We all do very well otherwise, and all send their love; the dragons also, and bid you convey their greetings and affection to Temeraire. They indeed miss him badly, though I am sorry to have to tell you that we have lately discovered one ignoble cause for their pining, which is plain Greed. Evidently he had taught them how to pry open the Feeding Pen, and close it again after, so they were able to help themselves whenever they liked without anyone the wiser - their Guilty Secret discovered only after note was taken that the Herds were oddly diminished, and the dragons of our formation overfed, whereupon being questioned they confessed the Whole.

I must stop, for we have Patrol, and Volatilus goes south in the morning. All our prayers for your safe Journey and quick return.

Etc.,

Catherine Harcourt

"What is this I hear from Harcourt of your teaching the dragons to steal from the pen?" Laurence demanded, looking up from his letter; he was taking the hour before dinner to read his mail, and compose replies.

Temeraire started up with so very revealing an expression that his guilt could be in no doubt. "That is not true, I did not teach anyone to steal," he said. "The herdsmen at Dover are very lazy, and do not always come in the morning, so we have to wait and wait at the pen, and the herds are meant for us, anyway; it cannot be called stealing."

"I suppose I ought to have suspected something when you stopped complaining of them being always late," Laurence said. "But how on earth did you manage it?"

"The gate is perfectly simple," Temeraire said. "There is only a bar across the fence, which one can lift very easily, and then it swings open; Nitidus could do it best, for his forehands are the smallest. Though it is difficult to keep the animals inside the pen, and the first time I learned how to open it, they all ran away," he added. "Maximus and I had to chase after them for hours and hours - it was not funny, at all," he said, ruffled, sitting back on his haunches and contemplating Laurence with great indignation.

"I beg your pardon," Laurence said, after he had regained his breath. "I truly beg your pardon, it was only the notion of you, and Maximus, and the sheep - oh dear," Laurence said, and dissolved again, try as he might to contain himself: astonished stares from his crew, and Temeraire haughtily offended.

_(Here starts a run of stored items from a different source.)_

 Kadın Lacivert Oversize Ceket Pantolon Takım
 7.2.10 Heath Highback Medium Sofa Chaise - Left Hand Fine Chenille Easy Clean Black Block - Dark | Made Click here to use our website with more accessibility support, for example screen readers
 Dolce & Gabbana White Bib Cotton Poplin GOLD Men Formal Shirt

"Is there any other news in the letter?" Temeraire asked, coolly, when Laurence had finally done.

"Not news, but all the dragons have sent you greetings and their love," Laurence said, now conciliatory. "You may console yourself that they are all sick, and if you were there you certainly would be also," he added, seeing Temeraire inclined to droop when reminded of his friends.

"I would not care if I were sick, if I were home. Anyway, I am sure to catch it from Volly," Temeraire said gloomily, glancing over: the little Greyling was snuffling thickly in his sleep, bubbles of mucus swelling and shrinking over his nostrils as he breathed, and a small puddle of saliva had collected beneath his half-open mouth.

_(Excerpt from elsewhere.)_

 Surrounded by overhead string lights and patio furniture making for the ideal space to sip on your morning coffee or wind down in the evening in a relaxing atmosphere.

Laurence could not in honesty hold out much hope to the contrary, so he shifted the subject. "Have you any messages? I will go below now and write my replies, so James can carry them back: the last chance of sending a word by courier we will have for a long time, I am afraid, for ours do not go to the Far East except for some truly urgent matter."

"Only to send my love," Temeraire said, "and to tell Captain Harcourt and also Admiral Lenton it was not stealing in the least. Oh, and also, tell Maximus and Lily about the poem written by the dragon, for that was very interesting, and perhaps they will like to hear of it. And also about my learning to climb aboard the ship, and that we have crossed the equator, and about Neptune and Badger-Bag."

"Enough, enough; you will have me writing a novel," Laurence said, rising easily: thankfully his leg had at last put itself right, and he was no longer forced to limp about the deck like an old man. He stroked Temeraire's side. "Shall we come and sit with you while we have our port?"

Temeraire snorted and nudged him affectionately with his nose. "Thank you, Laurence; that would be pleasant, and I would like to hear any news James has of the others, besides what is in your letters."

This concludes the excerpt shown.